START Dataset content

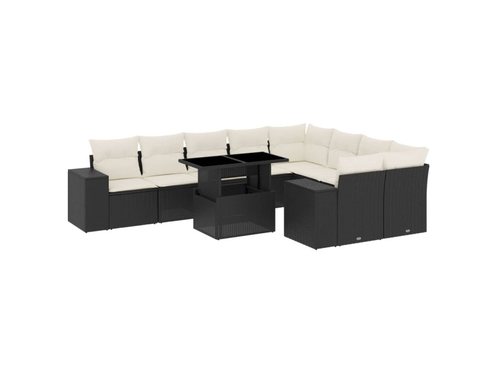 10dílná zahradní sedací souprava s poduškami černá polyratan 3269386
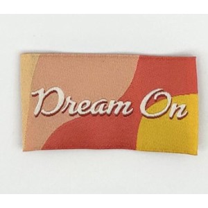 Cette étiquette tissée avec l’inscription "Dream On" en crème sur fond corail et moutarde est à coudre sur vos vêtements.
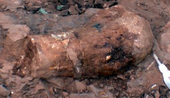 已出土的恐龙骨化石 经过近一周的紧张工作,已发现了恐龙脊柱骨、肋骨、尾脊、小的甲片、前后肢等化石。
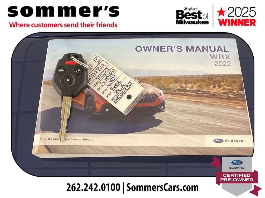 Find this 2022 Subaru WRX at Sommer's Automotive in Mequon, just north of Milwaukee serving Wisconsin drivers from Cedarburg, Grafton, Port Washington, Shorewood, Whitefish Bay, Fox Point, Bayside, Glendale, Wauwatosa, Brookfield, West Bend, Menomonee Falls, Germantown, Sussex, Hartford, Oconomowoc, Pewaukee, New Berlin, Franklin, Oak Creek, Racine, Kenosha, Muskego, Mukwonago, Hales Corners, Cudahy, South Milwaukee, and many more communities throughout the greater Milwaukee, Ozaukee County, Washington County, Waukesha County, and southeastern Wisconsin area.

END Dataset content

*Task item:*
Your reply should contain only an exact copy of the lines from the beginning of the material through the line with "已出土的恐龙骨化石 经过近一", both ends included, with the pictures removed.

*Answer space:*
 10dílná zahradní sedací souprava s poduškami černá polyratan 3269386
 Cette étiquette tissée avec l’inscription "Dream On" en crème sur fond corail et moutarde est à coudre sur vos vêtements.
 已出土的恐龙骨化石 经过近一周的紧张工作,已发现了恐龙脊柱骨、肋骨、尾脊、小的甲片、前后肢等化石。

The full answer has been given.